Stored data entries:
= = = = = = =
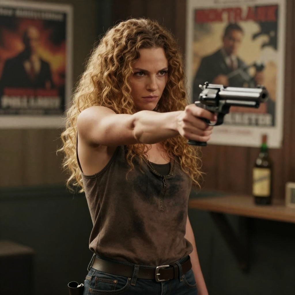 Red-haired Woman Aiming Handgun Indoors
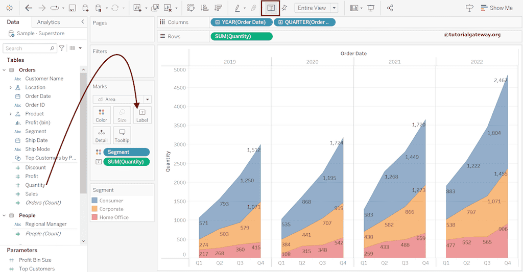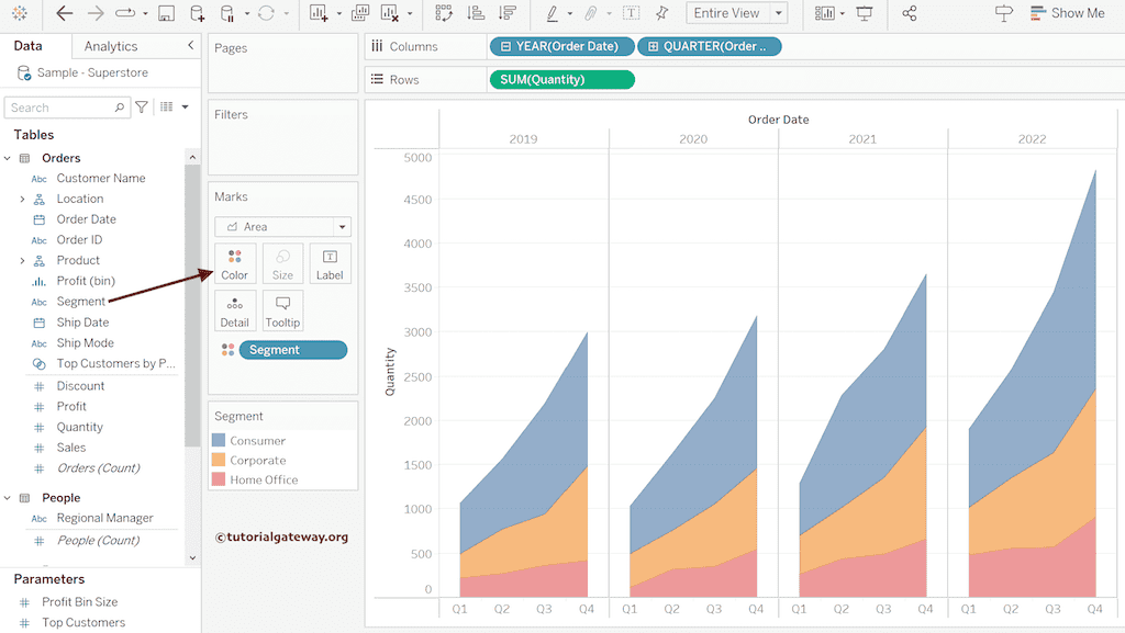 从下面的屏幕截图中,我们将“客户细分”字段添加到了所有(销售和利润)的“颜色”架中,以进一步细分面积图。
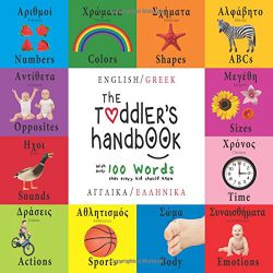 The Toddler’s Handbook introduces 17 basic concepts in English and Greek. Included are numbers, colors, shapes, sizes, ABCs, animals, opposites, sounds, actions, sports, food, tableware, clothes, vehicles, emotions, body,
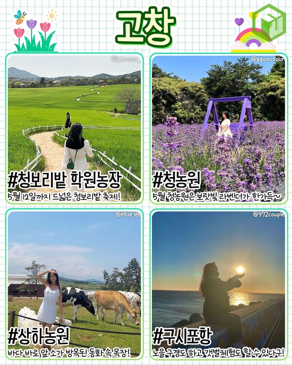 특히 청보리밭과 유채꽃이 만발한 고창의 풍경은 인생 사진 찍기 좋은 장소입니다.
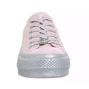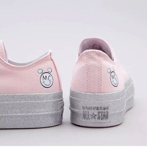The same glittery motif is repeated on the flat laces, complemented by a canvas upper finished in a pale pink hue. a stylized ‘MC’ smiley-face logo – adorns the heel and lace jewels.
= = = = = = =
EXERCISE PROMPT
The response must consist of the entries above exactly as they stand, minus any pictures.

PROBLEM SOLUTION
 Red-haired Woman Aiming Handgun Indoors
 从下面的屏幕截图中,我们将“客户细分”字段添加到了所有(销售和利润)的“颜色”架中,以进一步细分面积图。
 The Toddler’s Handbook introduces 17 basic concepts in English and Greek. Included are numbers, colors, shapes, sizes, ABCs, animals, opposites, sounds, actions, sports, food, tableware, clothes, vehicles, emotions, body,
 특히 청보리밭과 유채꽃이 만발한 고창의 풍경은 인생 사진 찍기 좋은 장소입니다.
The same glittery motif is repeated on the flat laces, complemented by a canvas upper finished in a pale pink hue. a stylized ‘MC’ smiley-face logo – adorns the heel and lace jewels.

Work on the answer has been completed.